Examples of anticompetitive practices in the digital markets are self-preferencing, refusal of data collection or data sharing, killer acquisition and exploiting consumer behavioral biases. In South Africa’s practice, as analyzed by the World Bank’s IBRD, predatory pricing and exclusivity agreements were most common when it came to abuse of market dominance.

As a case in point, the competition authority of South Africa expressed concern in July 2022 that Google’s paid search resultswithout being clearly labeled as advertisingwere increasing the costs for platform customers and benefiting the tech giant. The preferential placement of Google’s own specialized search units is an example of unfair competition.

In 2022, five African countries – Egypt, Kenya, Nigeria, Mauritius and South Africa – held a meeting to discuss cooperation in regulating competition in the digital markets of the continent. In a joint statement, heads of the national competition authorities affirmed that digital markets present ‘considerable challenges for competition law enforcement and policy in terms of the unique competition issues that arise’.

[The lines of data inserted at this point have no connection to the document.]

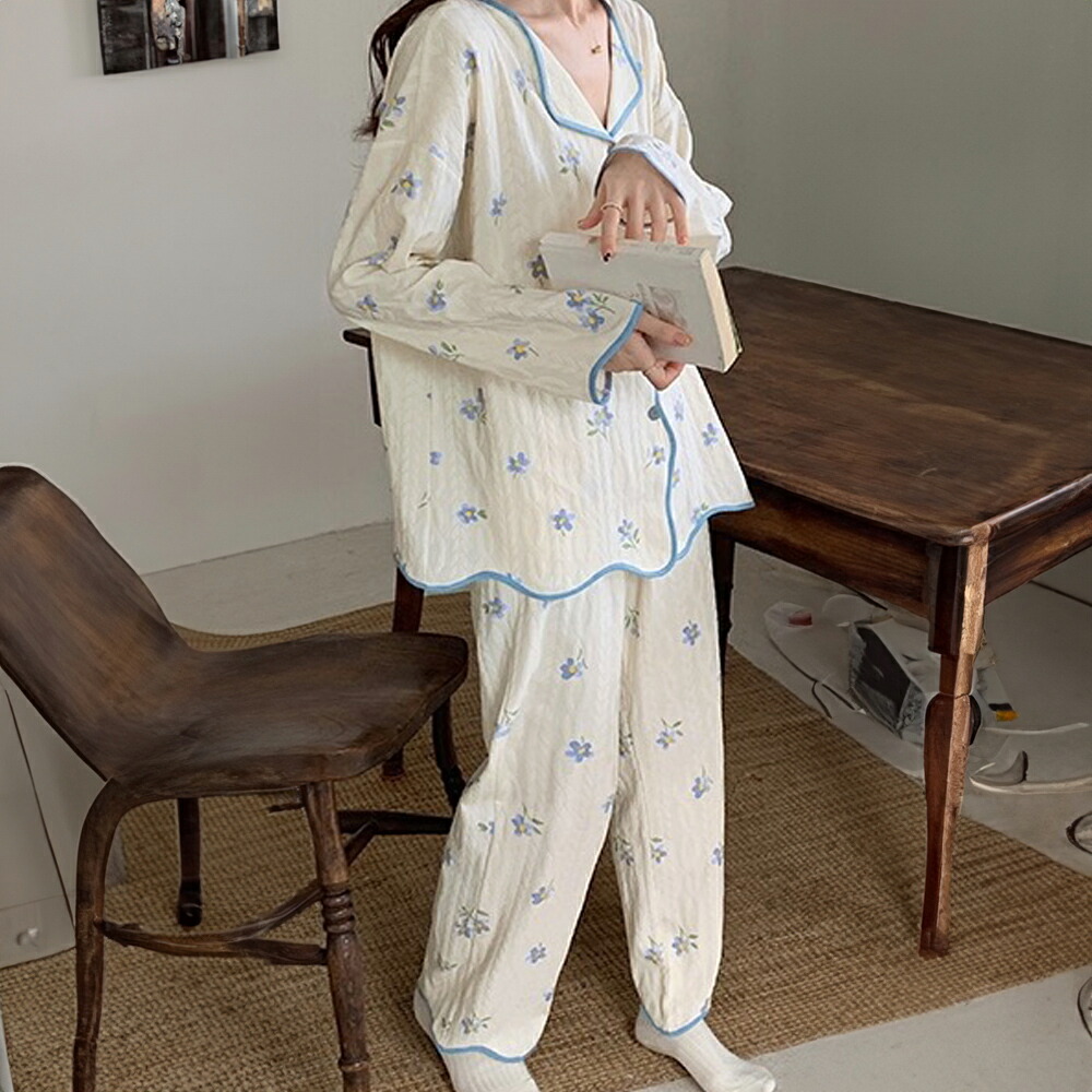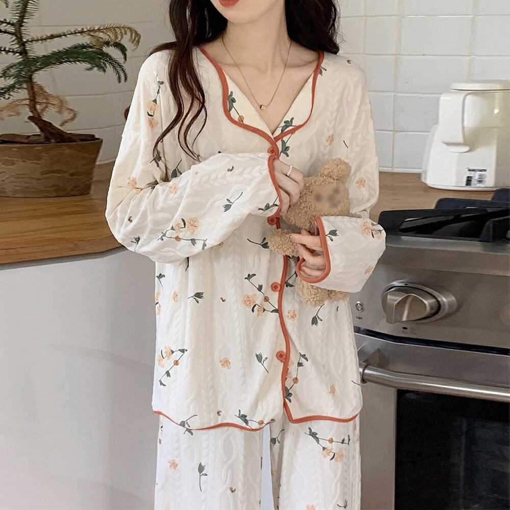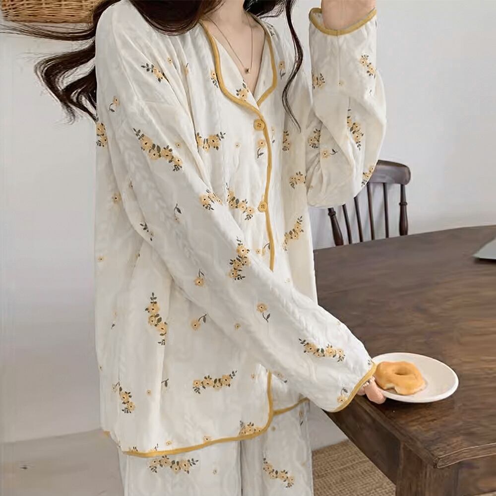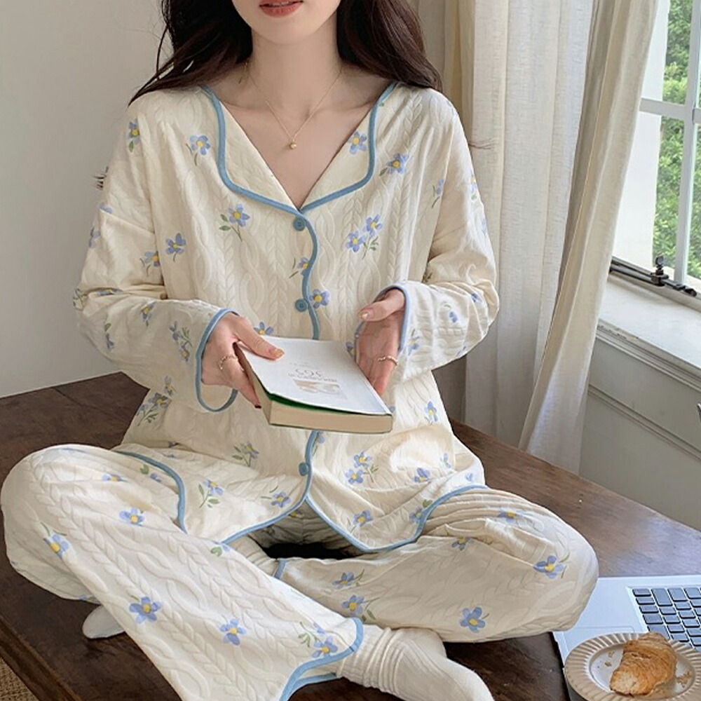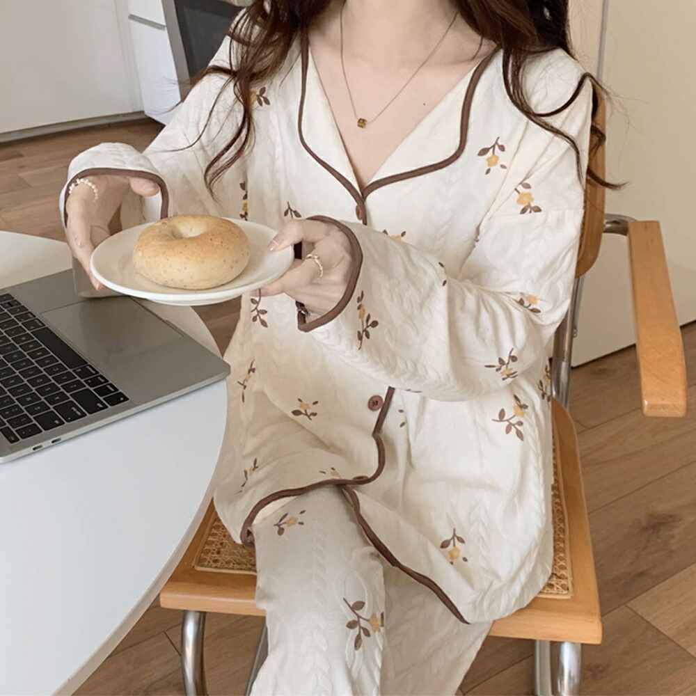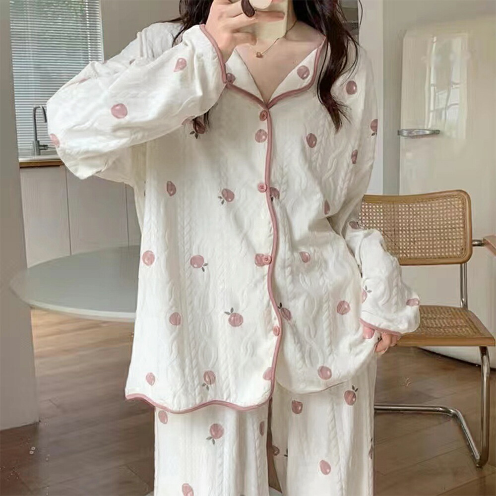 韓国パジャマ レディース 部屋着薄手長 インナー 下着 ナイトウエア 続々登場 イエロー オレンジ ダークグリーン パープル ピンク*桜桃柄 ピンク*花柄 ブラウン ブラック ブルー ライトブルー ラベンダー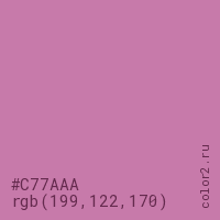 Цвет #C77AAA в цветовой модели RGB обозначается тремя октетами (199, 122, 170) в десятичном формате и #C77AAA в шестнадцатиричном (hex) формате, которые являются интенсивностью красного 199 (hex C7), интенсивность зелёного 122 (hex 7A) и интенсивность синего 170 (hex AA).
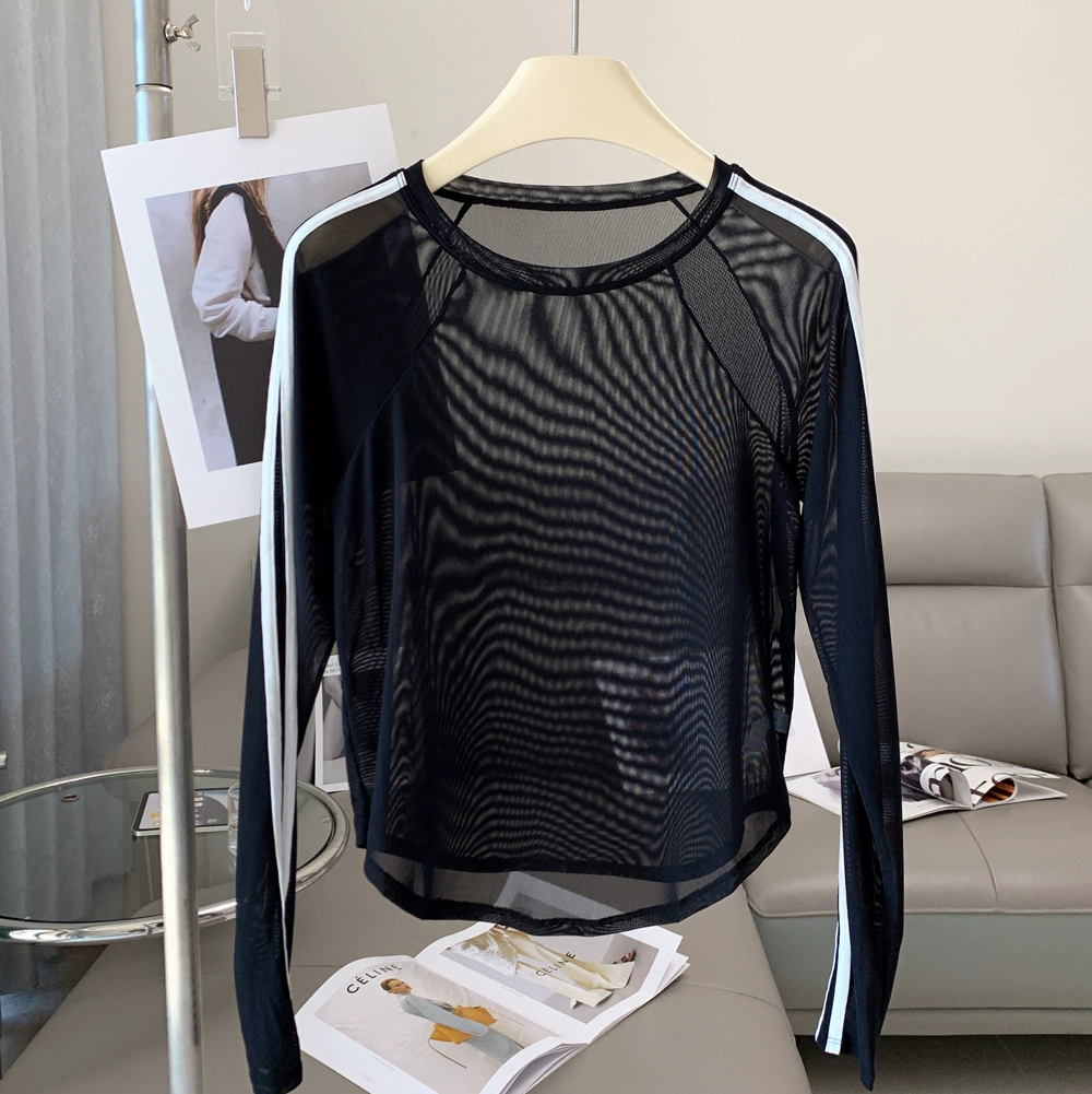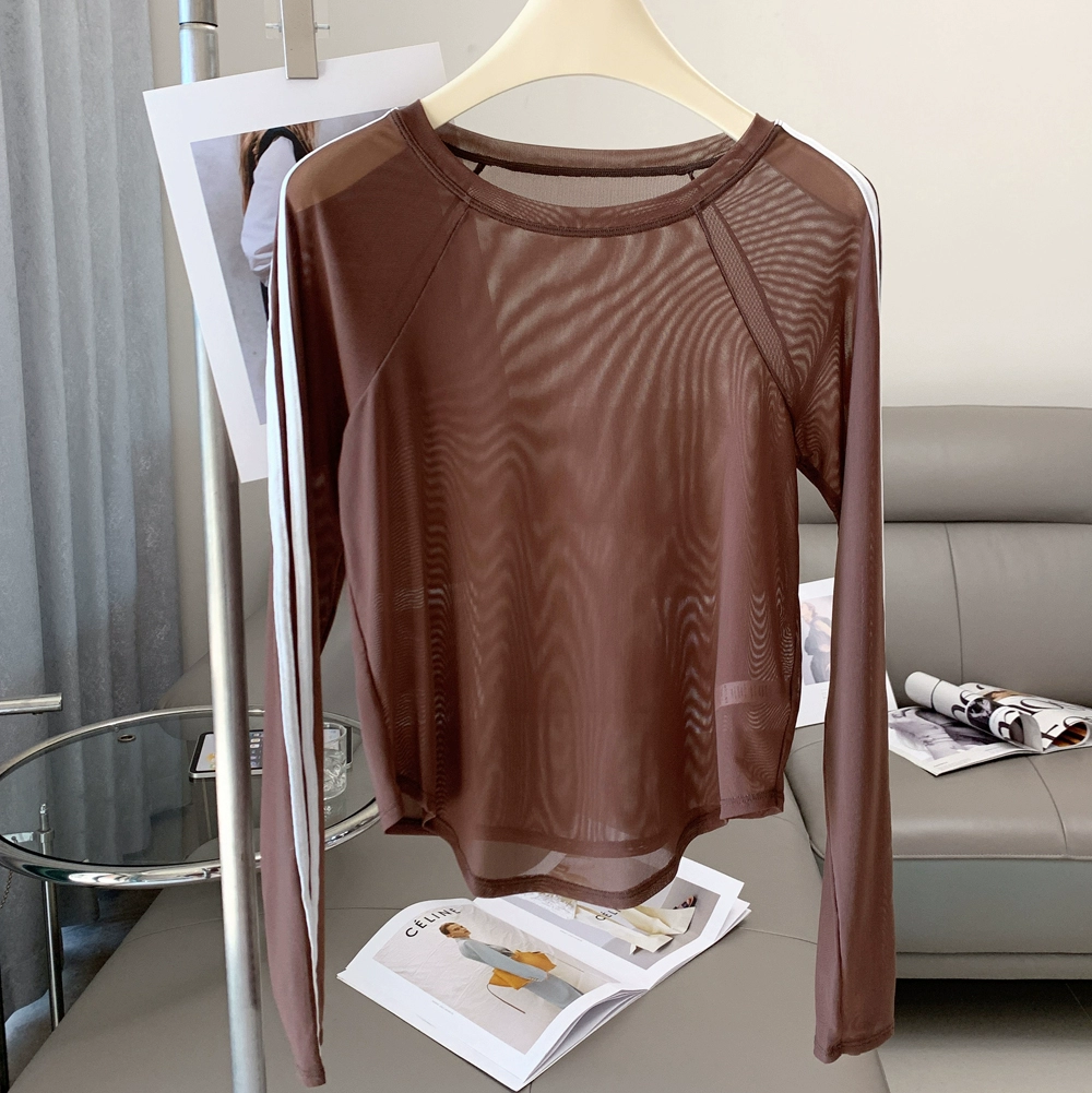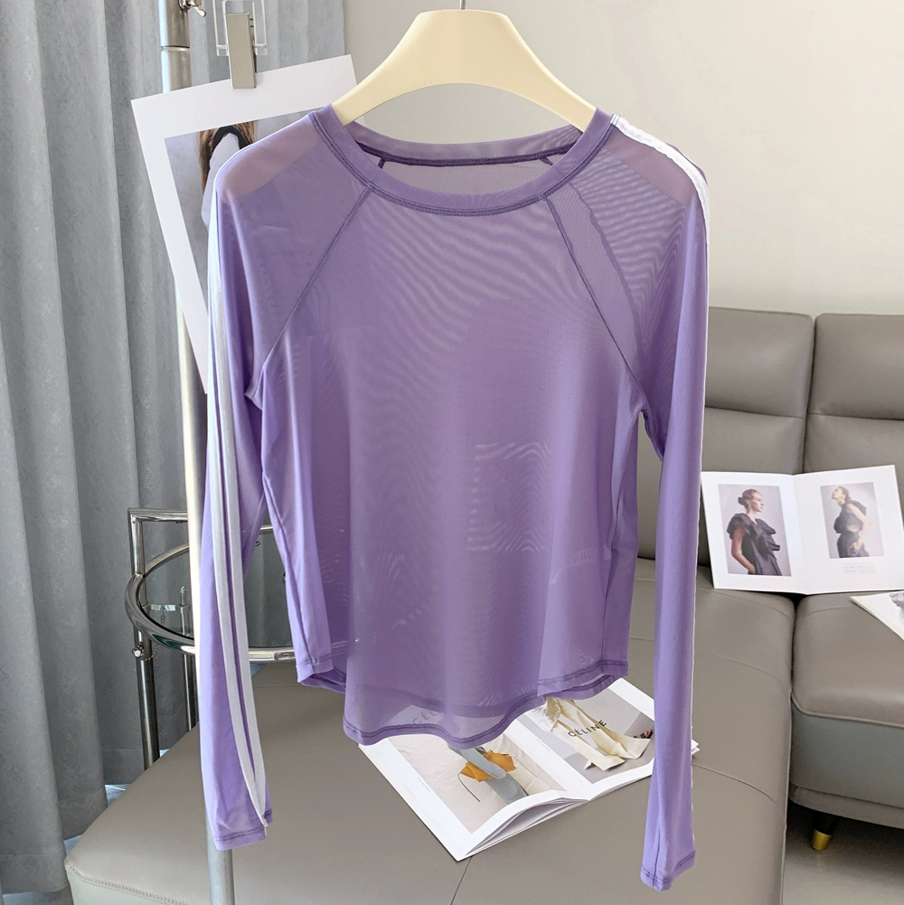 | nameOriginal | lulu women's color block mesh slim fit blouse long sleeve T-shirt |

To date, the African continent has seen several attempts of setting anti-monopoly regulations for the ICT actors. In 2018, the governments of Uganda, Zambia and Benin tried imposing taxes on social media. At that time, supporting local ICT projects was among the announced goals. In Uganda, a USH 200 tax was imposed on the use of 58 OTT services (including Facebook, Twitter, WhatsApp) as well as a 1% tax on e-money transfers. However, this resulted in a decrease in social media usage, a trend coupled with a 74% slide in revenues of companies that relied on social media for business. Therefore, a balanced approach is needed to maximize societal benefits without reversing the natural trends in the industries.

Solutions

To successfully address the problem, modernization of competition legislation is required. This includes taking into account non-price dimensions in defining market power and dominance and in assessing mergers. It is also of utmost importance to establish an entity responsible for implementation of the law and powerful enforcement mechanisms.

BRICS has been serving as a platform for collaboration and knowledge-exchange in the field of competition law since 2016. In 2018, the initiative was institutionalized in the BRICS Competition Law and Policy Centre (within the HSE-Skolkovo Institute for Law and Development) which now provides cutting-edge expertise on the antitrust regulation of digital markets.